Yesterday it was incredibly strong employment data that pushed stocks lower. Today stocks are modestly lower again despite weaker “official” numbers.
Meanwhile, gold, silver are a bit higher. Treasuries are somewhat lower along with the dollar.
On the news front…
The ADP employment report blew the doors off earlier this week. But the government’s “official” data for June was less robust. The Labor Department reported the economy created 209,000 jobs in June, weaker than the average forecast of 225,000. My educated guess is Wall Street had an even-higher “whisper number” after the ADP data, too.
Meanwhile, the unemployment rate held steady at 3.6% (in line with forecasts), while average hourly earnings rose 0.4% (slightly hotter than forecast). It’s still likely the Federal Reserve raises interest rates at its July 25-26 meeting, though, as the data is far from recessionary. A separate report on job openings and labor turnover yesterday also showed still-solid job availability and stable layoff activity in May.
Treasury Secretary Janet Yellen’s trip to China included harsh comments for the host country today. She said China treats US multinational firms operating there poorly, while also subsidizing state-owned Chinese firms that compete with them. US-traded vehicles for investing in China have performed poorly of late, with the $7.7 billion iShares MSCI China ETF (MCHI) down 6% year-to-date and 17% in the last 12 months.
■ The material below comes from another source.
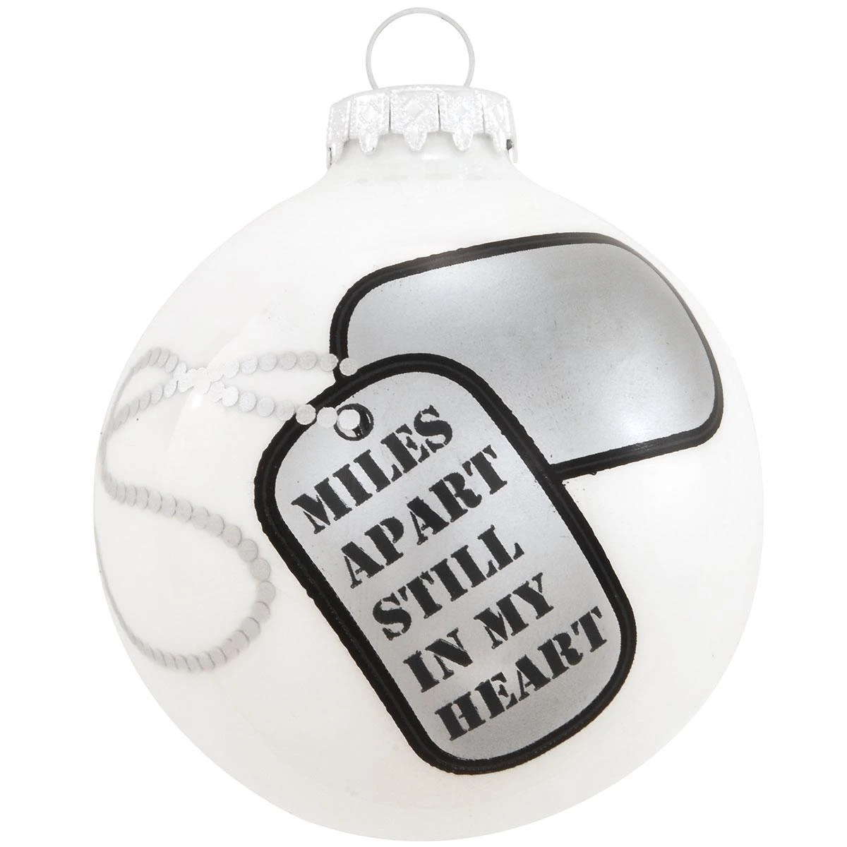 Distance cannot separate the love you have for your brave soldier. Salute your favorite serviceman or woman with this special gift from the heart! Artfully crafted of glass in Hungary exclusively for Bronner’s, this shimmering white 3″ round ornament depicts a pair of silver “dog tags” adorned with the sentiment “MILES APART STILL IN MY HEART.” A great memento for families apart from their soldiers this Christmas, this loving keepsake can be personalized by one of our talented Bronner’s artists using a black paint pen at no additional charge.

Finally, it looks like Apple (AAPL) is going to slow-walk the release of its Vision Pro augmented reality/virtual reality headset. Retail outlets in major-market cities like New York and Los Angeles will get first pass at the headsets in early 2024, with potential buyers able to demo them in cordoned-off areas of the stores. Then they’ll be released to the rest of Apple’s 270 locations, with international markets like the UK and Canda following later in 2024.